Após o regular trâmite, os autos vieram conclusos.

Na parte dispositiva da decisão constou:

Do exposto, resolvo o mérito julgando parcialmente procedentes os pedidos deduzidos na petição inicial (art. 487, I, do CPC), para:

a) desconstituir o débito questionado em juízo;

b) rejeitar o pedido de reparação de danos morais; e,

c) condenar a parte acionada à devolução dos valores comprovadamente debitados, na forma simples, devidamente corrigidos pelo INPC/IBGE desde a data dos descontos indevidos até o dia da citação (04.11.2020 - evento 8), a partir de quando passa a incidir isoladamente a Taxa Selic; e,

Está autorizada a compensação dos valores depositados pela instituição financeira na conta bancária da parte ativa com o montante da condenação. O valor a ser compensado deve ser atualizado pelo INPC/IBGE até o dia do pagamento da condenação.

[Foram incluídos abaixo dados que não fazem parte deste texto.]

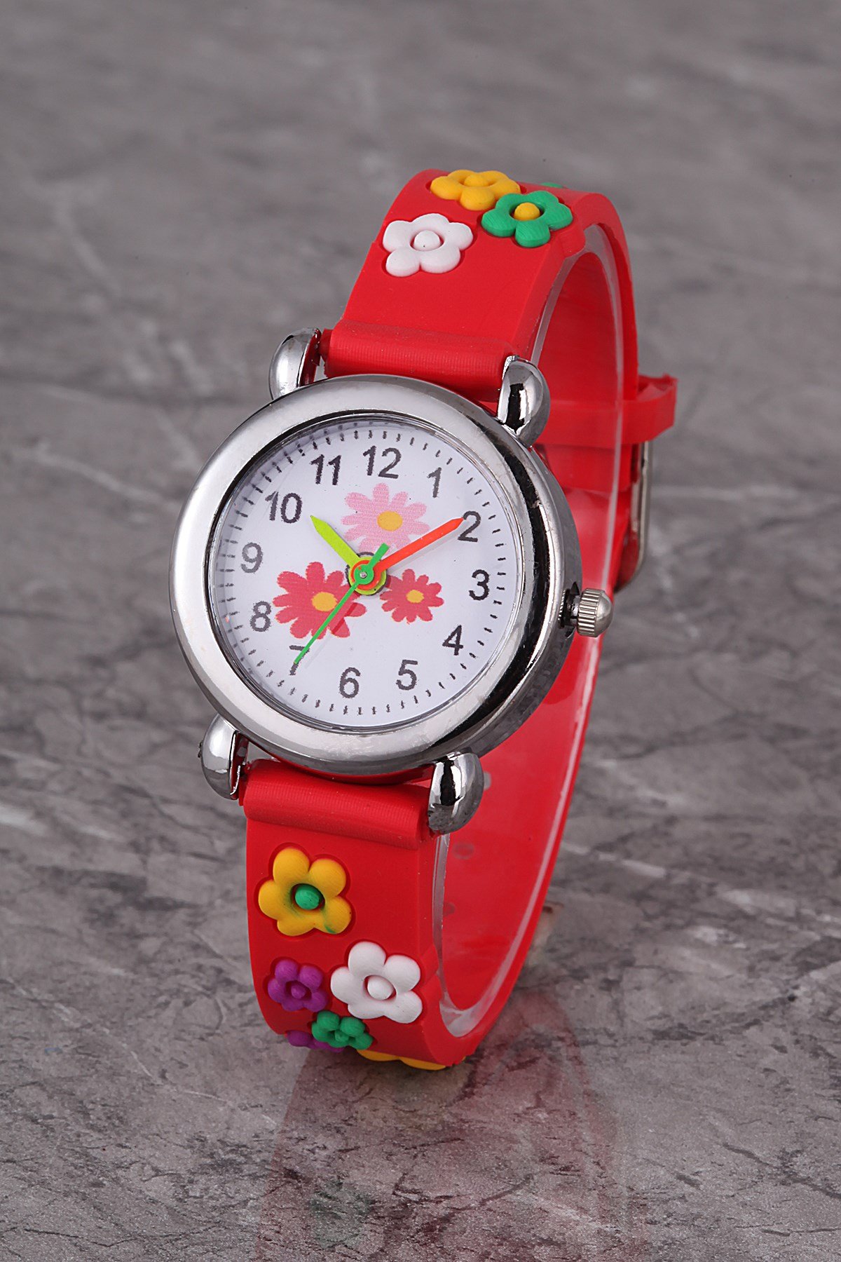 PLCS002R02 Çocuk Saat Kırmızı Çiçek Karekterli Çocuk Saati
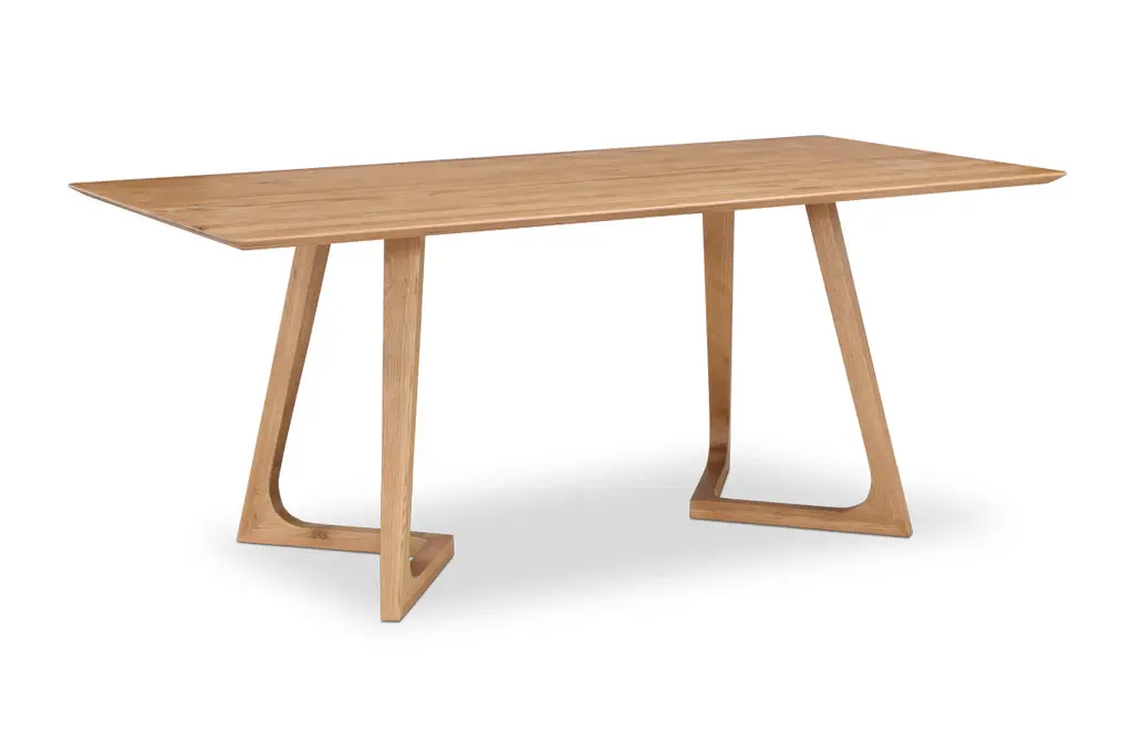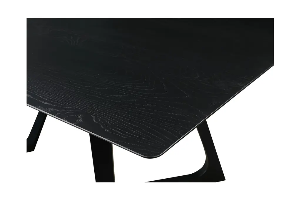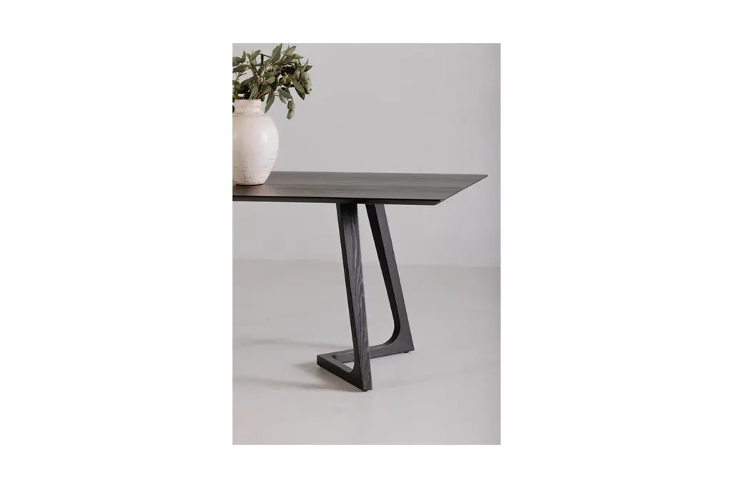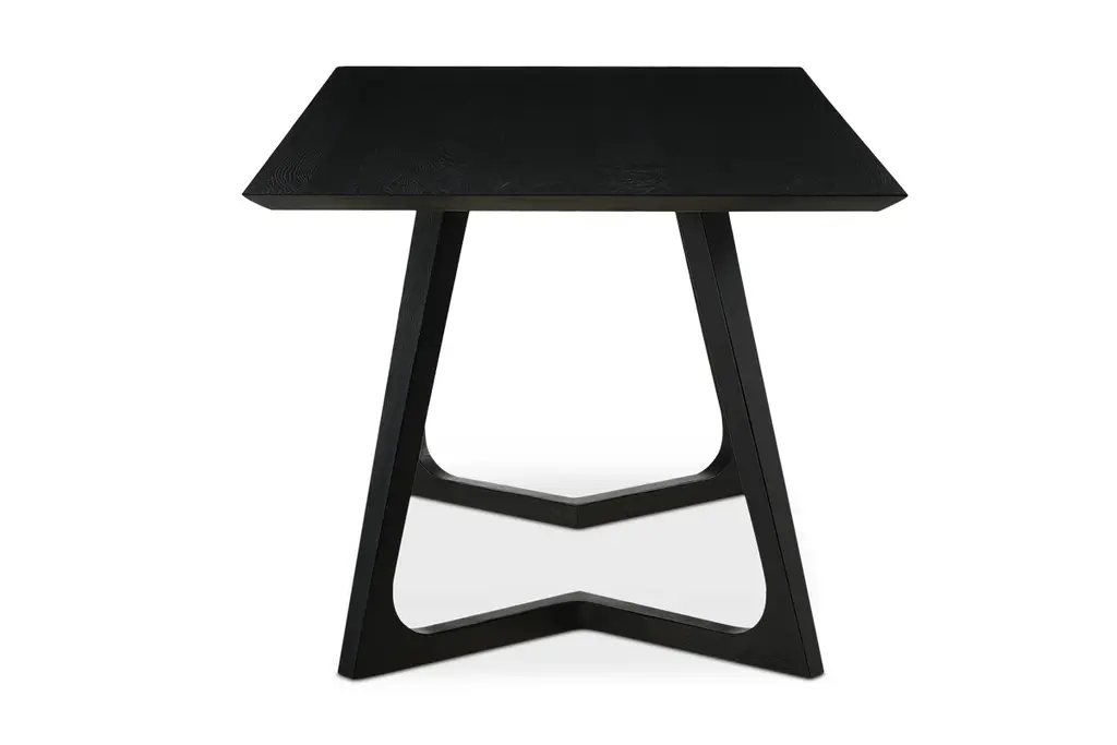 Crafted with solid wood, the Coram Dining Table blends contemporary style with a distinctive Mid-Century twist. Inverted, angular legs add modern flair to a streamlined silhouette and create plenty of legroom. The large rectangular tabletop is perfect for filling larger spaces and comfortably seats up to 8 people. Choose between rich brown walnut, blackened ash, or oak with a natural finish to complement your home.
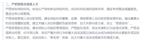 加强监管防范风险可以总结为“严准入”“严监管”“治违法”“防范化解风险”的全链路监管,值得一提的是,对风险大、不具备持续经营能力的保险机构,收缴金融许可证,依法进入破产清算程序。
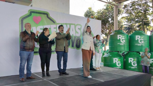 La senadora Ruth González Silva encabezó este jueves la entrega de cisternas y láminas galvanizadas a familias de Ciudad Fernández, como parte de acciones para mejorar las condiciones de vivienda en el municipio.
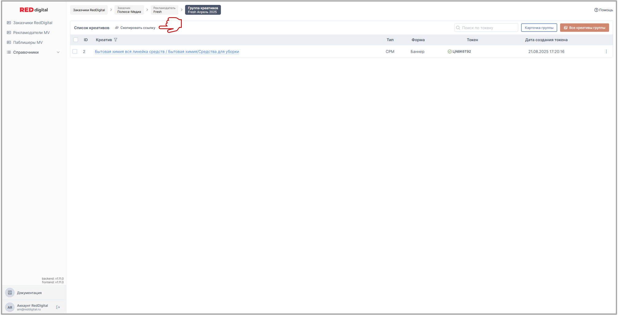 Кнопка ⿻ Скопировать ссылку сохраняет список выбранных креативов для последующей вставки в документ или мессенджер стандартным сочетанием клавиш ctrl+v.
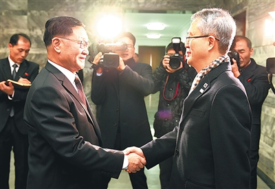1月15日,在板门店朝方一侧,朝韩双方代表举行会晤前握手。 朝韩双方代表15日在板门店朝方一侧的统一阁会晤,双方就平昌冬奥会和冬残奥会之际朝方派艺术团赴韩演出一事达成一致。

Condeno as partes ao pagamento das despesas processuais pendentes, na proporção de 1/3 devidos pelo(s) integrante(s) do polo ativo e de 2/3 a ser(em) arcado(s) pelo(s) do lado passivo, conforme arts. 86 e 87 do CPC.

Os litigantes estão obrigados a indenizar as despesas adiantadas no curso do processo, observada a mesma proporção antes fixada, admitida a compensação, conforme art. 82, § 2º, do CPC.

Fixo os honorários sucumbenciais devidos aos advogados no percentual de 10% sobre o valor da causa (devidamente corrigido pelo INPC/IBGE desde a data da propositura da demanda e com juros moratórios de 1% ao mês não capitalizados a partir do trânsito em julgado), observada a mesma proporção antes fixada, vedada a compensação, conforme art. 85, §§ 2º e 8º, do CPC.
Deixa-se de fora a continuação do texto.